Один офицер-измайловец застрелился из-за того, что он не принял участия в восстании.
Начались аресты…
Эта блистательная виктория была тем более приятна Николаю, что была совершенно неожиданна. Но близкая гибель всей этой блестящей молодежи производила такое впечатление, что даже генерал-адъютанты при виде первых арестованных плакали. Милорадович умер. На «рабочем» столе его, среди разных дамских записочек, обнаружили и доносы, предупреждавшие о заговоре: они не были даже распечатаны…
XXVII. Двигатели мировой истории
Пушкину в тихом Михайловском было по-прежнему кюхельбекерно. Он много писал, читал, посылал приятелям письма, но томился чрезвычайно. Праздник лицейской годовщины, 19 октября, он отпраздновал в полном одиночестве, отметив его, как всегда, прелестными стихами:
И, строфа за строфой, он, одинокий, помянул в этот день всех друзей пролетевшей юности. И это еще более усилило его тоску… Угнетало его и тихое горе Дуни. Няня обо всем уже догадалась, значительно помалкивала, но про себя что-то плановала…
Единственным гостем Михайловского об эту пору бывал только поп Шкода. Он всегда заводил с Пушкиным свой любимый разговор насчет божественного, который неизменно кончался тем, что попик срывался с места и, отмахиваясь обоими руками от наседавшего на него со смехом Пушкина, убегал к себе на Вороноч. Вернется домой туча тучей, шваркнет шапку свою из крашеного собачьего меха на пол и скажет:
– Разругался я с михайловским барином нонеча вчистую… И ушел не попрошамшись… И как только мать сыра земля таких богохульников носить, вот чего я не понимаю!..
Но не проходит двух-трех дней, как под окном поповского домика раздается энергичный стук.

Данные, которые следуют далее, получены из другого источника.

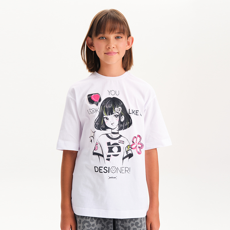 Состав: 100%хлопокОписание: Стильная и удобная белая футболка для девочки умеренного объема. Выполнена из мягкого трикотажа, хорошо тянется, дышит и комфортно сидит весь день. На груди — модный принт с яркими акцентами. Перевод: Ты выглядишь как дизайнер Футболка отлично сочетается с джинсами, юбками и шортами. Подойдёт для школы, прогулок, мероприятий и просто хорошего настроения. Не забывайте о выборе правильного размера. Используйте таблицу размеров на фотографии, чтобы выбрать подходящий вариант. Обратите внимание, что цвет товара на экране вашего устройства может отличаться от реального.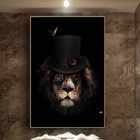 Black wildlife canvas poster print for living room decor with 9 colour options and 5 size variations from 20x30cm to 80x120cm, featuring machine-printed canvas with 2-5cm white border for framing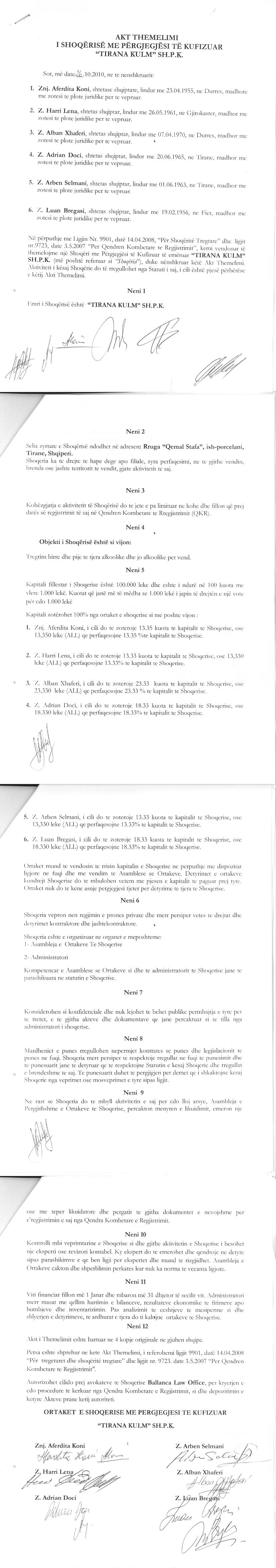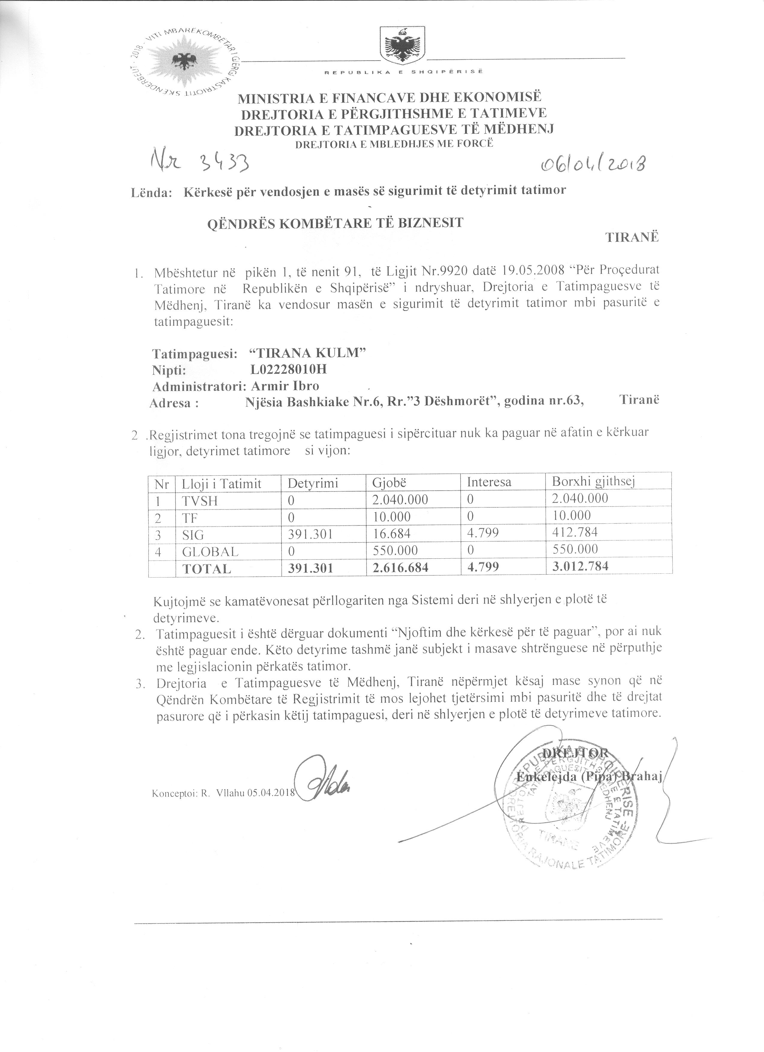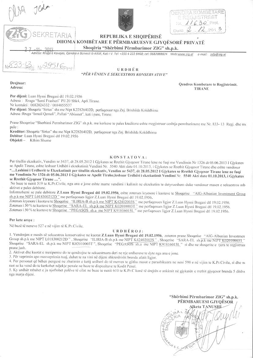 → Ekstrakt Historik i Regjistrit Tregtar date 13.08.2023 → Akt themelimi i Shoqerise → Urdhër për Vënien e Sekuestros datë 27.11.2013 → Urdhër për Vënien e Sekuestros datë 01.12.2017 → Kërkesë për Vendosjen e Sigurimit Tatimor datë 06.04.2018 → Urdhër për Vënien e Sekuestros datë 02.02.2021 → Urdhër për Vënien e Sekuestros datë 12.02.2021 → Urdhër për Heqjen e Sekuestros datë 23.03.2021 → Urdhër për Heqjen e Sekuestros datë 31.10.2022 → Kërkesë për Vendosjen e Sigurimit Tatimor datë 11.02.2022 |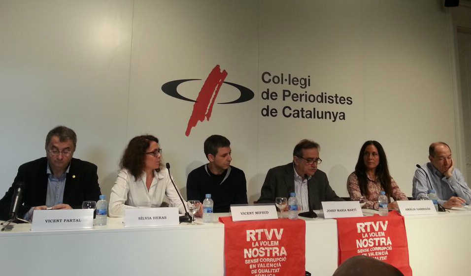 L’acte del Col·legi de Periodistes de Catalunya, en suport a la lluita que estan liderant els treballadors de la RTVV, ha comptat amb la participació del vicepresident del Comité d’Empresa de RTVV, Vicent Mifsud, i de la periodista de la ràdio valenciana, víctima de l’ERO que el Tribunal Superior de Justícia valencià ha considerat nul, Amàlia Garrigós.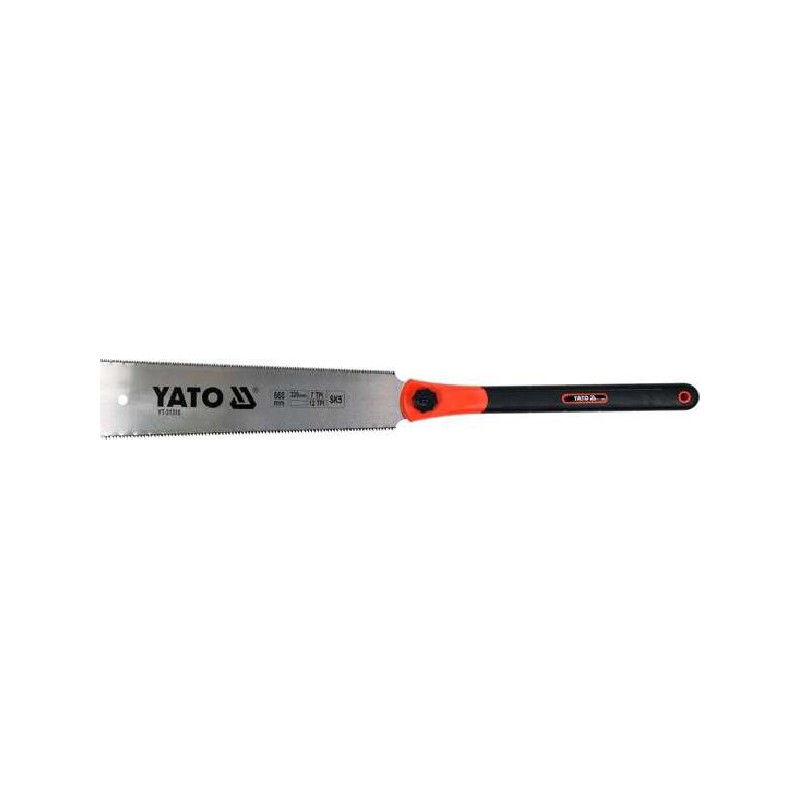 Serra manual de dois lados do tipo japonês (a chamada ryoba). Dentes endurecidos localizados em ambas as bordas da lâmina. A graduação de 7 tpi por um lado e 12 tpi por outro aumenta muito a usabilidade da serra. O comprimento de trabalho é de 320 mm e o comprimento total é de 660 mm. A lâmina de serra é fixada com um parafuso no cabo longo feito de plástico ABS com inserções TPR antiderrapantes e - dependendo das necessidades - pode ser ajustada em diferentes ângulos. Uma característica específica deste tipo de serra é a excepcional flexibilidade da lâmina em aço SK5 e a capacidade de cortar "na sua direção". Isso permite um corte eficiente ao longo ou transversalmente ao grão.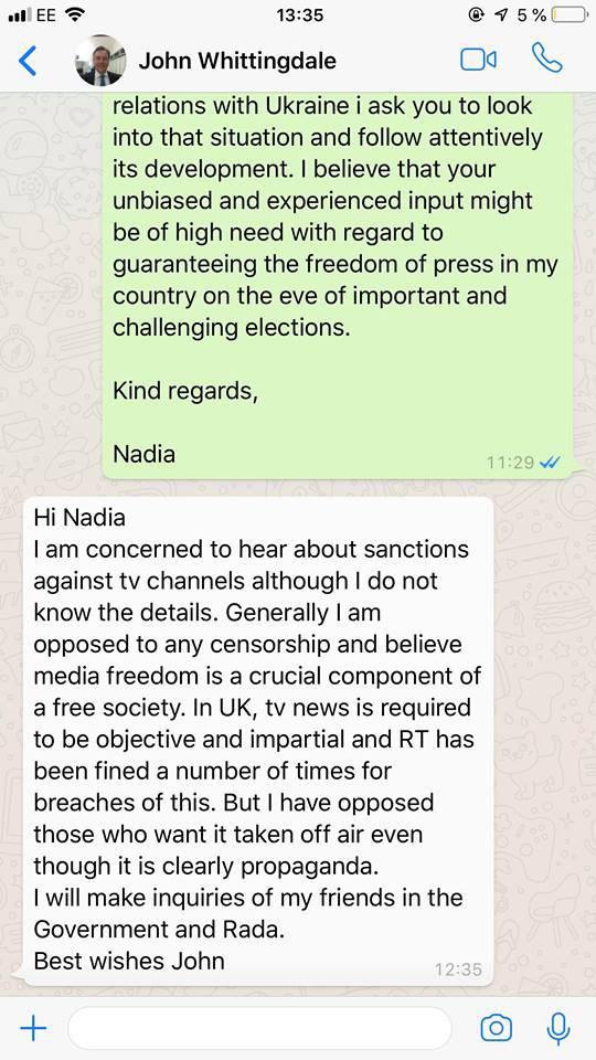 "В Соединённом Королевстве от телевизионных новостей требуют быть объективными и беспристрастными, и телеканал Russia Today штрафовали за нарушение этого принципа. Однако я всегда выступал против тех, кто хотел запретить трансляцию RT, пусть в его случае речь бесспорно идет о пропаганде", - разъяснил свой подход Уиттиндейл. Он пообещал обратиться к своим знакомым в правительстве и парламенте Украины за разъяснениями по данной ситуации.

– Поп дома? – кричит Пушкин. – Скажите ему, что я мириться приезжал… Пусть зайдет ко мне – чайком попою…
Чуть не каждый день он ездил, как всегда, в Тригорское. И терзался, не зная, в кого бы влюбиться: строгая Алина держала его в отдалении, Анна казалась ему пресна, а чертенок Зизи была слишком уж молода, да и молодой Вревский Борис что-то уж очень с ней миртильничал…
И вдруг по тихим белым полям поползли тревожные слухи: скончался государь император Александр Павлович. Попы, как полагается, отпели сперва панихиду по царе-батюшке, а потом молебен по случаю восшествия на престол государя императора Константина Павловича. А из далекого Питера прошла волна новых слухов: Константин царем быть не желает, а будет Николай. Проверить ничего было невозможно. Всякий врал, как ему казалось лучше. Тревога нарастала. Дьячок Панфил с погоста Вороноч, первый политик на всю округу, давал окрестным деревням тон.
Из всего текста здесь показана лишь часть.